Force For The Status Quo
But from Russia's standpoint, stability may mean maintaining the current authoritarian leadership in the region, ensuring business and other ties that will not upset the status quo.
That's the view of Kimberly Marten, a political science professor at Barnard College, Columbia University in New York. She told RFE/RL that in the current great power competition for influence in the region, Russia and China have an edge.
"If you want to look at it in 'Great Game' terms, the United States doesn't have the ability to compete against Russia and China in that kind of a Great Game because its domestic political culture and circumstances require it to pay attention to human rights and economic transparency in a way that Russia and China don't have to do," Marten said.
Playing Off Both Sides
A number of analysts see Uzbekistan as shrewdly balancing the needs of big powers to strengthen the regime's control.

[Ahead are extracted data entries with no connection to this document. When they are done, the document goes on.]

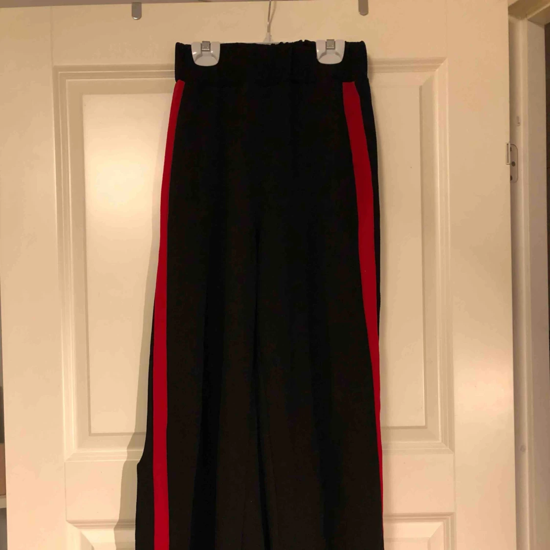 Balongbyxor med en röd söm på sidorna. Har även en slits vid byxbenets slut
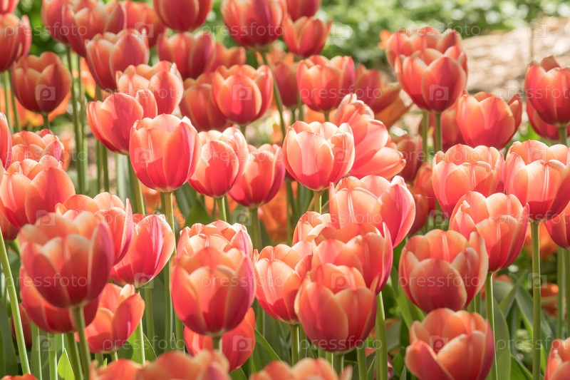 Свежее красочное поле красных тюльпанов, цветочный фон
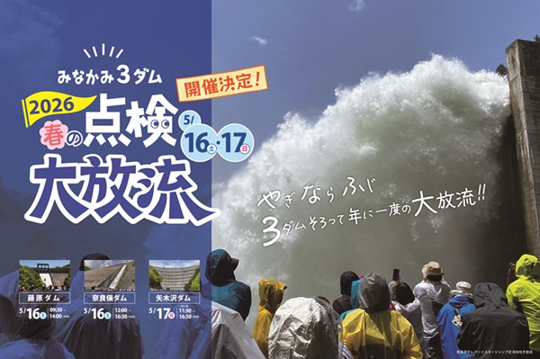 群馬県・みなかみ町観光協会はこのほど、5月16日(土)と17日(日)に実施する「みなかみ3ダム 春の点検大放流2026(やぎならふじ)」のチケットを売り出した。利根川最上流域に位置する矢木沢ダム、奈良俣ダム、藤原ダムの3ダムが洪水期に実施する「点検放流」を一般公開する特別イベント。
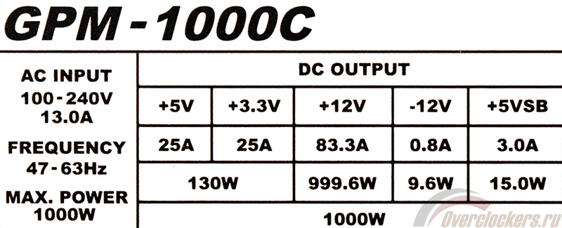 Рассмотрим мощностные характеристики. Линия 12 В здесь едина (как и у Cooler Master), максимальная сила тока на ней может достигать 83.3 А. Интересное (неровное) значение, похоже, производитель просто стремится подчеркнуть, что показатель предельно близок к 1000 Вт (83.3 х 12 = 999.6). Обычно мы округляем процентное соотношение до десятых долей, так что значение «как бы» равно 100% от номинала БП. Идеальная цифра!
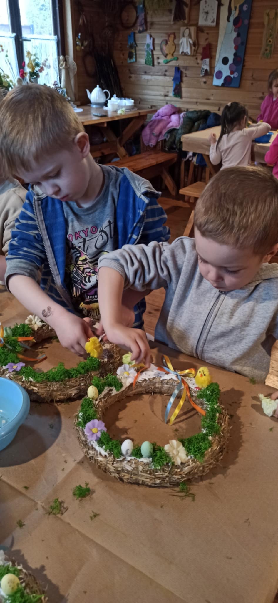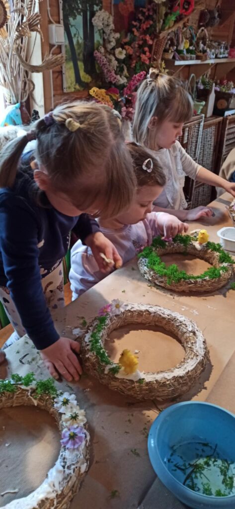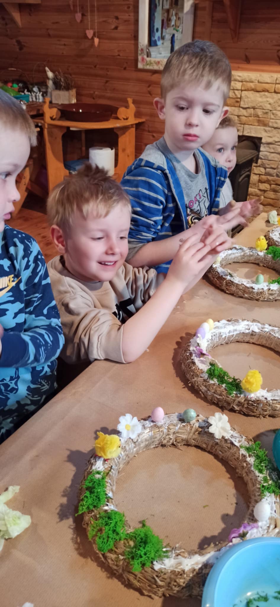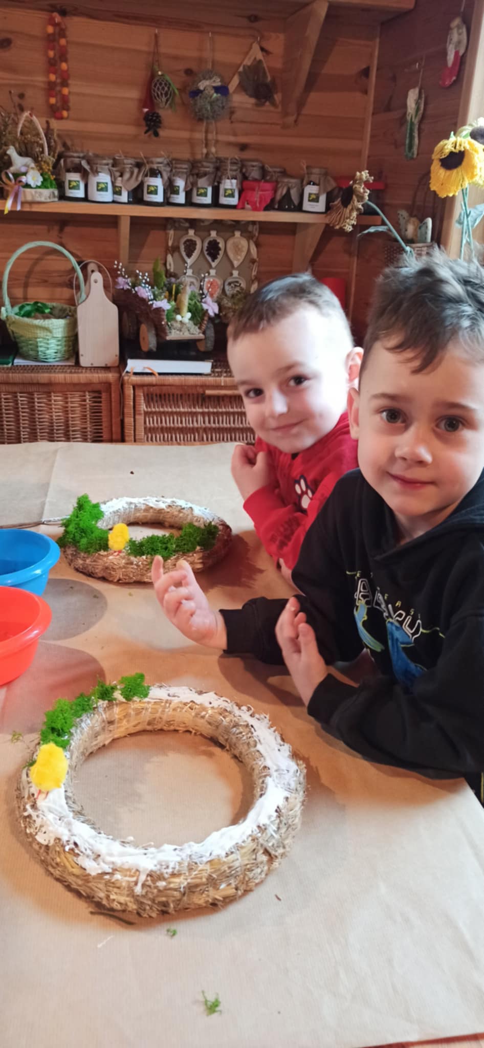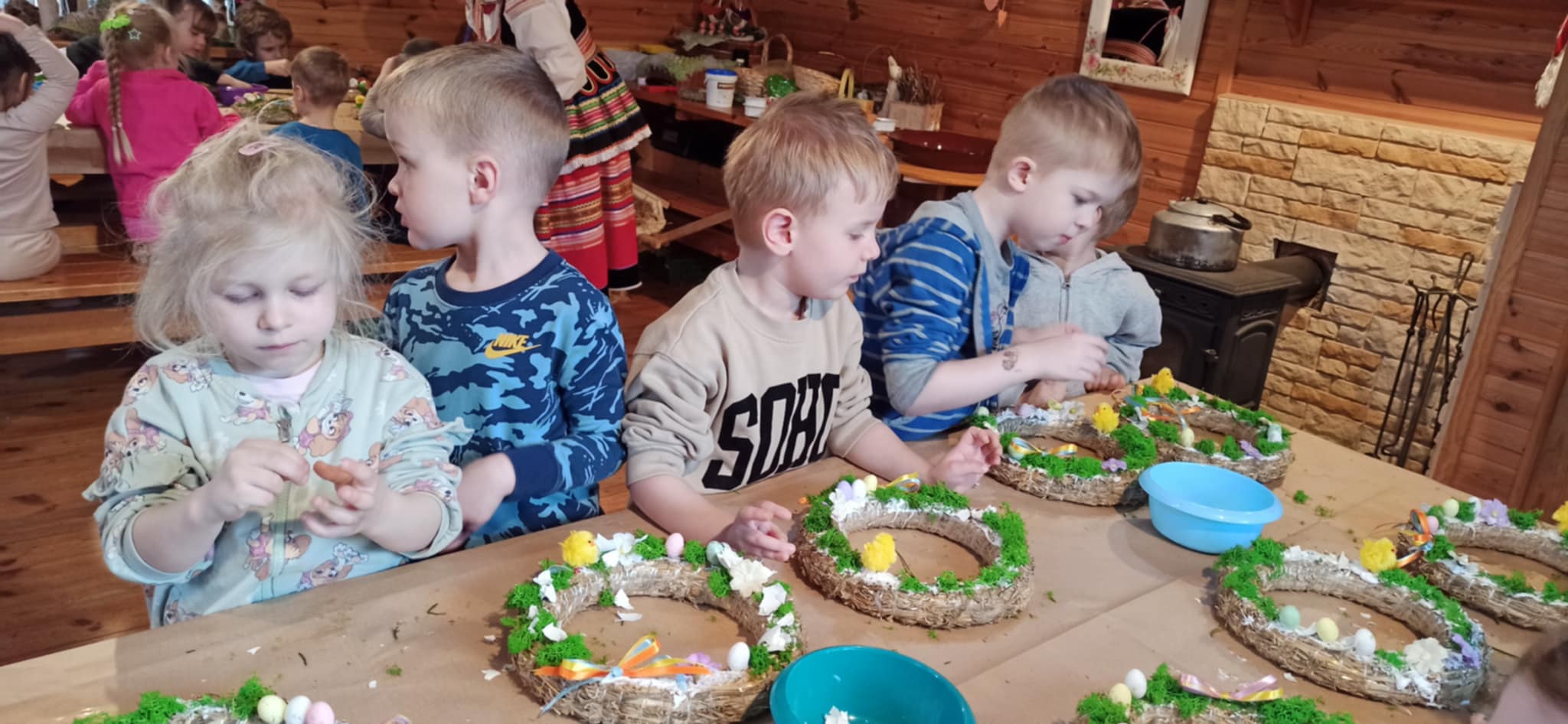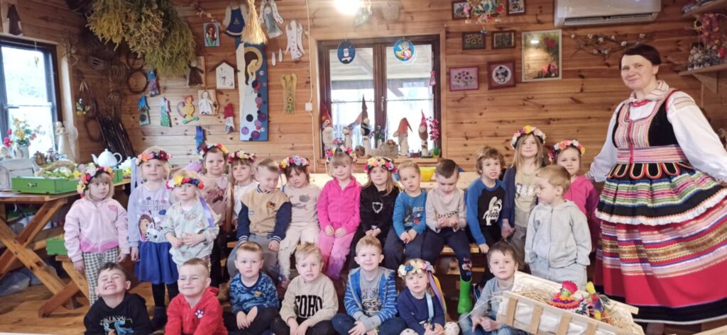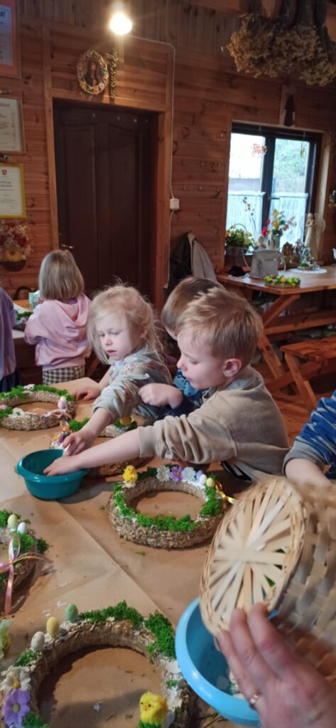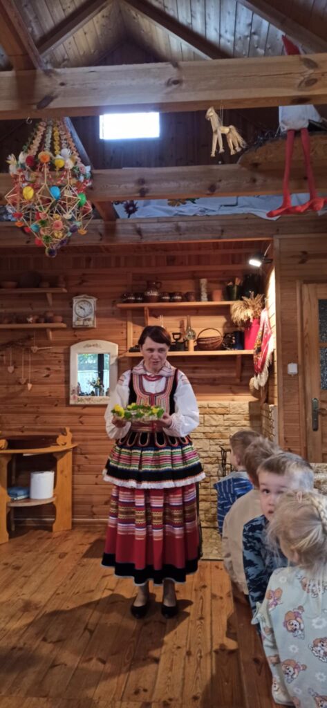 Grupa Kotki odwiedziła Panią Asię w Domu Tradycji Ludowej, aby razem stworzyć piękne stroiki wilekanocne. Pani Joanna pokazała dzieciom kilka tradycji ludowych związanych z naszym regionem i stworzyła z dziećmi prawdziwe dzieła sztuki.
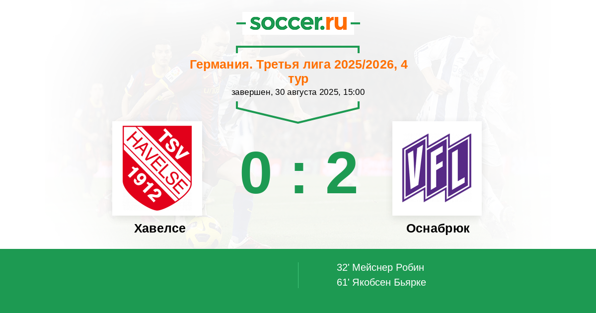 Хавелсе - Оснабрюк: обзор матча 30 августа 2025
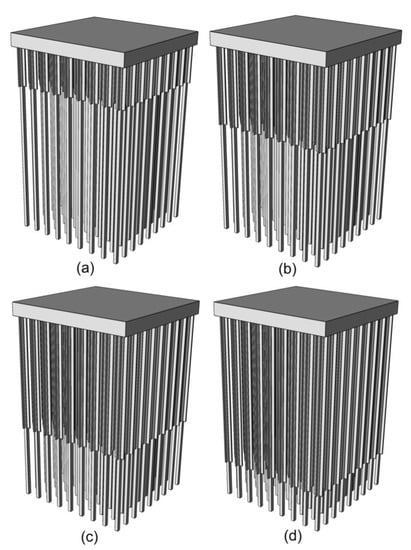 Three-dimensional finned pile-mats of varying fin-lengths (Lf/Lp) used in the SSI analyses: (a) Lf = 0.2Lp; (b) Lf = 0.4Lp; (c) Lf = 0.6Lp; and (d) Lf = 0.8Lp.
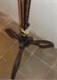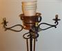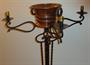Podlahová,kovová lampa,žárovky jsou potřeba bajonetové,širmy jsou s drátěnou smyčkou nasazovací na žárovku,na středové,horní plošině je umístěna tepaná,měděná nádoba,velmi zachovalá,výška bez širmů 153 cm.
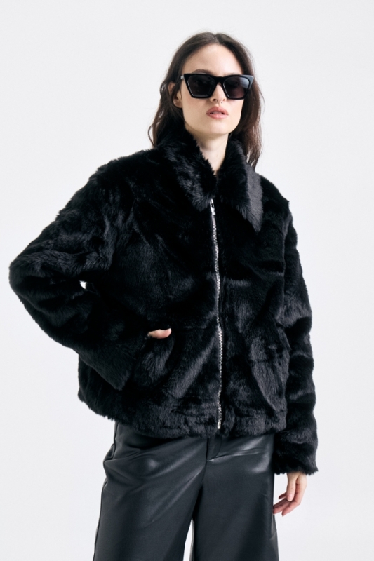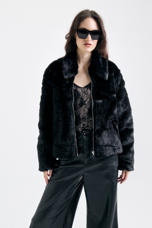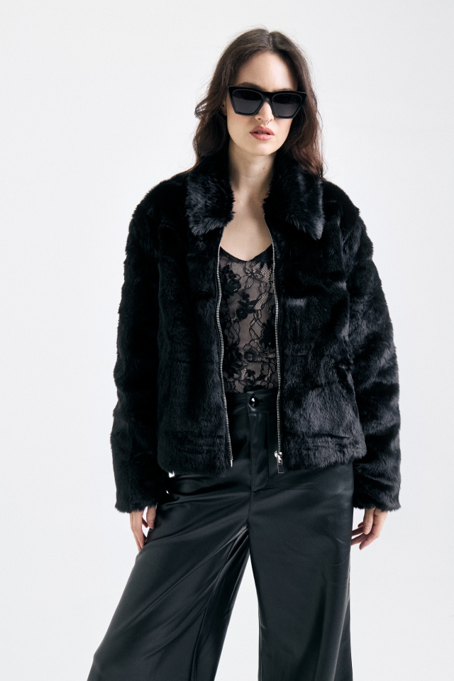 Campera confeccionada en piel, de calce recto y mangas largas. Acceso con cierre central metálico y detalle de cadena con identificación de marca. Forrada al tono. Composición: 100% Poliéster HECHO EN CHINA
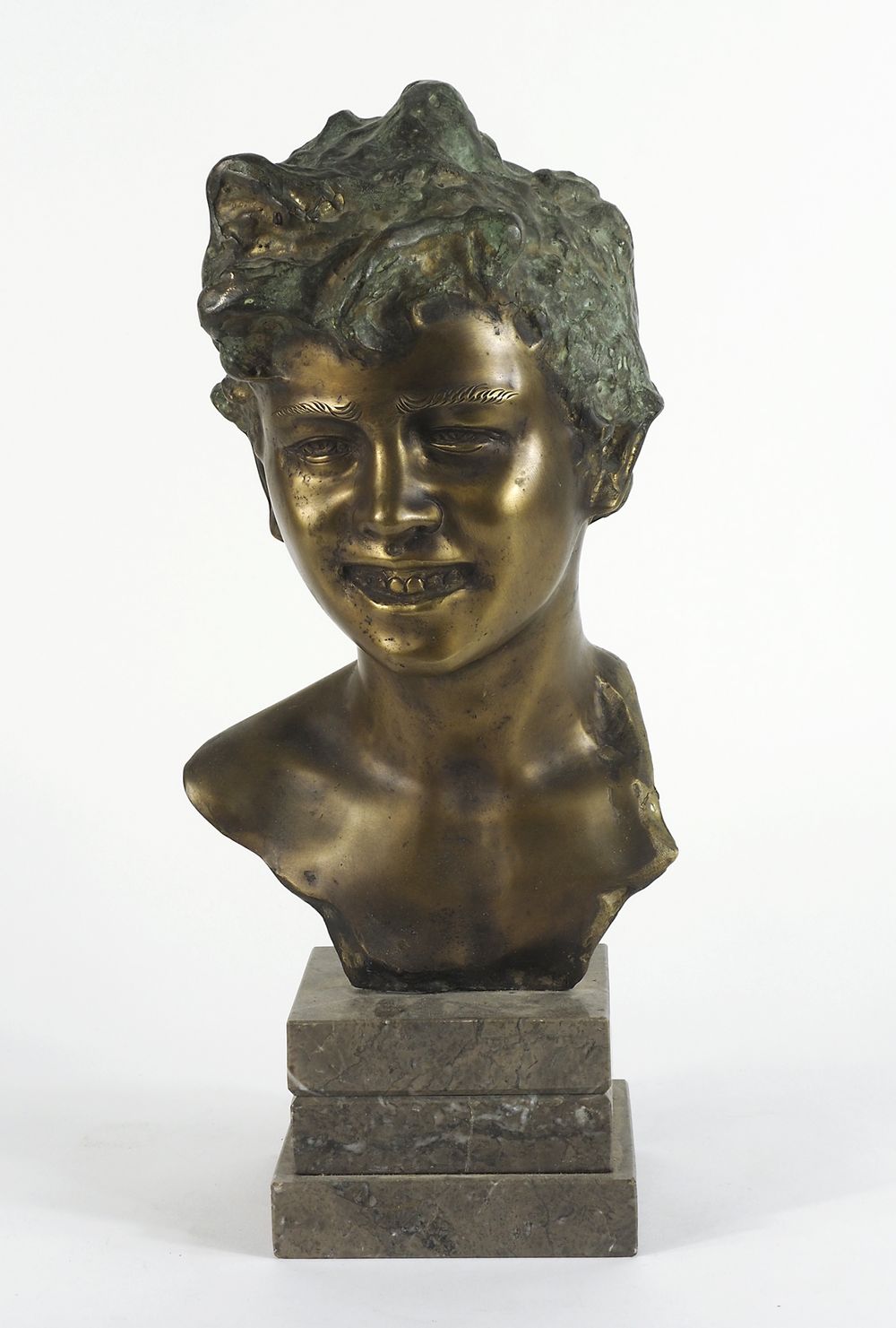 Giovanni De Martino 1870-1935 "Busto di scugnizzo" h. tot cm. 42 - scultura in bronzo a due colori su base in marmo Firma al retro.
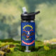 Stay hydrated with pride using our water bottle featuring the flag of North Dakota!
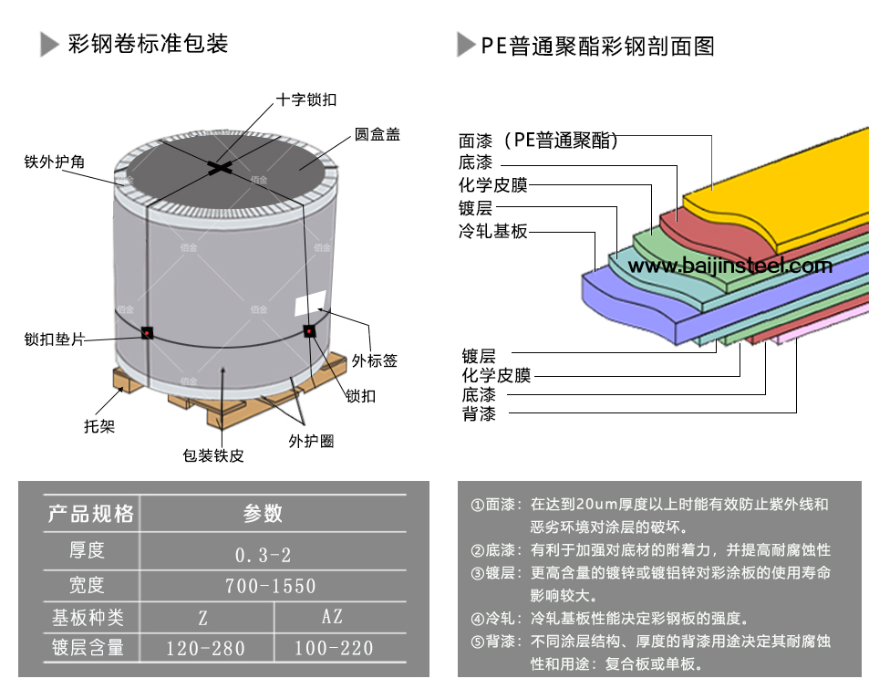 注:本網(wǎng)站數(shù)據(jù)部分來源寶鋼彩涂板企業(yè)標(biāo)準(zhǔn)BQB/440 -2014 ,寶鋼彩涂板產(chǎn)品手冊,及工程案例。

Kyrgyzstan, home to both U.S. and Russian bases, has also proven adept at balancing off big-country interests.
The new government of President Kurmanbek Bakiev has assured the United States it can continue to use the air base at Manas but suggested Washington pay more for it. At the same time, Russia reaffirmed its long-term interest in maintaining a base at Kant, accompanied by millions of dollars in military aid to Kyrgyzstan.
Russia has also asserted a clear business presence in Kyrgyzstan. David Mikosz is a top official in Kyrgyzstan for the International Foundation for Election Systems, a nongovernmental organization that manages projects in civil-society development in Kyrgyzstan.
"People recognize that Russia has a lot more common interests, I think, in the economy. The United States is more interested, it seems, in cultural activities, the number of exchange programs, the American University [in Bishkek], those sort of things," Mikosz told RFE/RL.
Kazakhstan is another state in the region balancing a multidirectional foreign policy. President Nursultan Nazarbaev, who is up for reelection in December, recently affirmed Kazakhstan's intention to campaign for the chairmanship of the Organization for Security and Cooperation in Europe in 2009. He defined as priorities cooperation with Russia, China, the United States, and the European Union.